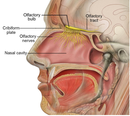嗅觉作为基本感觉之一,对于物种生存和适应环境具有重要作用。嗅觉障碍是多种疾病(如神经精神性疾病和新型冠状病毒性肺炎)的常见临床症状。嗅觉系统由鼻腔嗅粘膜(外周嗅觉系统)、嗅球、嗅觉中枢三部分组成,气味分子被鼻腔嗅粘膜的嗅觉神经元特异性识别后,将信号传递到嗅球-嗅觉信息传导的中转站,嗅球进一步处理嗅觉信息后,再传递给嗅觉中枢—大脑的嗅皮层(图1)。近年来,科学家们对嗅觉调控相关神经环路的研究取得了较大进展,但对嗅觉调控的外周靶点还知之甚少。
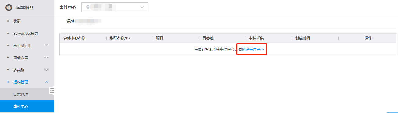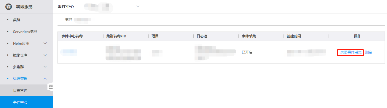 在左侧导航栏中,选择运维管理> 事件中心,选择需要关闭事件采集的集群,进入事件中心列表页。
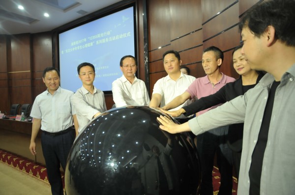 刘后红宣布湖南省2017年“12355阳光行动”暨“关注大中专学生心理健康”系列服务活动正式启动。启动仪式结束后,李志超、刘后红灯相关领导参观我校大学生心理健康教育中心,并为省第二人民医院设在我校的远程心理咨询服务点揭牌。
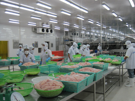 Sử dụng bộ đèn huỳnh quang chống thấm Philips TCW060 trong nhà máy chế biến thuỷ sản
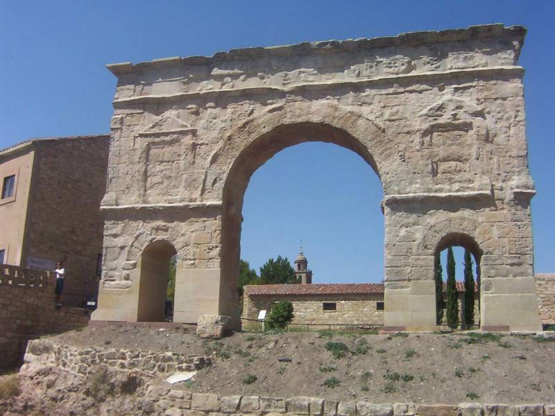 It's an arch from the II and III century, and is the only of triple archery which is preserved in Spain. This Arch of Medinaceli has a simple decoration, and also follows the model of the Trajan arch.

***

**Problem requirements**
Each entry above should be returned exactly as written, minus its pictures.

**Your response**
嗅觉作为基本感觉之一,对于物种生存和适应环境具有重要作用。嗅觉障碍是多种疾病(如神经精神性疾病和新型冠状病毒性肺炎)的常见临床症状。嗅觉系统由鼻腔嗅粘膜(外周嗅觉系统)、嗅球、嗅觉中枢三部分组成,气味分子被鼻腔嗅粘膜的嗅觉神经元特异性识别后,将信号传递到嗅球-嗅觉信息传导的中转站,嗅球进一步处理嗅觉信息后,再传递给嗅觉中枢—大脑的嗅皮层(图1)。近年来,科学家们对嗅觉调控相关神经环路的研究取得了较大进展,但对嗅觉调控的外周靶点还知之甚少。
 在左侧导航栏中,选择运维管理> 事件中心,选择需要关闭事件采集的集群,进入事件中心列表页。
 刘后红宣布湖南省2017年“12355阳光行动”暨“关注大中专学生心理健康”系列服务活动正式启动。启动仪式结束后,李志超、刘后红灯相关领导参观我校大学生心理健康教育中心,并为省第二人民医院设在我校的远程心理咨询服务点揭牌。
 Sử dụng bộ đèn huỳnh quang chống thấm Philips TCW060 trong nhà máy chế biến thuỷ sản
 It's an arch from the II and III century, and is the only of triple archery which is preserved in Spain. This Arch of Medinaceli has a simple decoration, and also follows the model of the Trajan arch.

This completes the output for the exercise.